Вечный зов. Знаменитый роман в одном томе
Шрифт:
— Давай-ка, Яков Николаевич, не будем об этом, — проговорил Иван негромко. — Нелегко об этом… ни тебе, ни мне. Тут и без того…
Однако, чиркнув спичкой, спросил:
— Как же он в штрафных командирах оказался? Не знаешь?
— Из тюрьмы в штрафную роту направили. В первом бою судьба его пощадила… Ну, и остался в роте. Был командиром отделения, взвода. Командиром роты потом назначили. Эх, Иван Силантьевич! Я только здесь узнал, какая душа была у этого человека.
— Как?! Он…
— Да, тоже погиб в этом бою, — сказал Алейников. — Погиб Данила Иванович…
Иван медленно опустил голову, посидел, недвижимый. Потом, подведя, видимо, итог каким-то своим мыслям,
— А я, дурак, письмо в Шантару послал, Кружилину, о вас, — с горечью промолвил Алейников. — О тебе и о твоем племяннике. И статью о вас из газеты вырезал и туда вложил. Пусть, думаю, порадуется за земляков… Как же все-таки это произошло?

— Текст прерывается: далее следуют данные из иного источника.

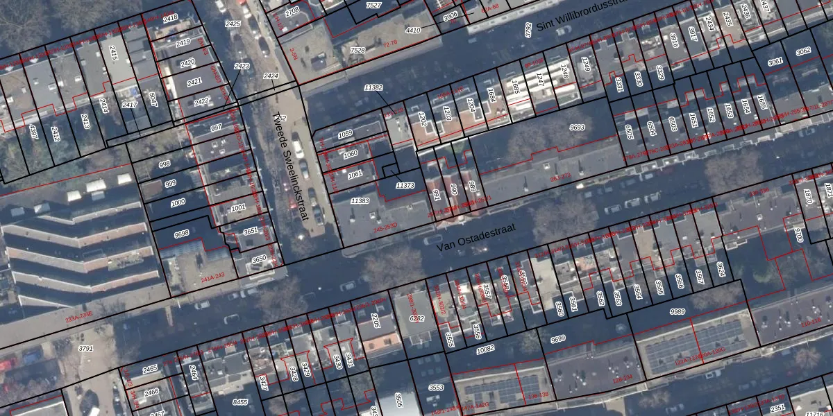 Van Ostadestraat 253-B is gelegen op kadastraal perceel ASD18V11383. Deze kadastrale aanduiding is uniek en wordt gebruikt door het Kadaster om eigendomsrechten en andere zakelijke rechten vast te leggen. Het perceel maakt onderdeel uit van de kadastrale gemeente Amsterdam.

— Как… На словах объяснить просто, да не все понятно будет… Нас четверо было на высоте. Трое даже — Семка от боли в голове метался в траншее, контузило его, я говорил. А отступающие немцы, значит, к высоте бегут. Но тут ихние танки откуда-то выскочили, десятка три, ежели не больше. Поперли мимо высоты навстречу своим. Видя такой оборот, немецкая пехота, что с востока отступала, назад повернула. И те фашисты, что от реки бежали, тоже ощетинились, прижали штрафников к земле. А мы что со своей одной пушкой?! К тому же лейтенанта Магомедова еще убило. Ружейников крикнул: «Ну, братцы, последний парад!» Выкатили мы кое-как орудие на восточный склон холма, ящики со снарядами успели подтащить. В это время и убило Магомедова, пуля откуда-то прилетела. Охнул он, что-то крикнул по-своему, по-азербайджански, и упал на снарядный ящик… кровью окрасил его. Тут, гляжу, Семен вылез из траншеи, идет к нам, мотает головой. И руки болтаются, как плети. «Танки же, орет, танки!» Будто мы не видим. Подошел к Магомедову, снял тело со снарядного ящика, вынул снаряд. А на гильзе полосы — кровь Магомедова, еще светлая и теплая. И руки Семена в его крови… Это мне все врезалось, все в глазах вот стоит… «Что ж вы, — кричит Семка, — не стреляете, сволочи?!» А мы бьем по танкам, вслед им. Ружейников у панорамы согнулся, а я заряжаю… Подожгли вроде не то две, не то три машины. А может, и не мы, — видим, наша артиллерия тоже лупит через, наступающие порядки по немецким танкам.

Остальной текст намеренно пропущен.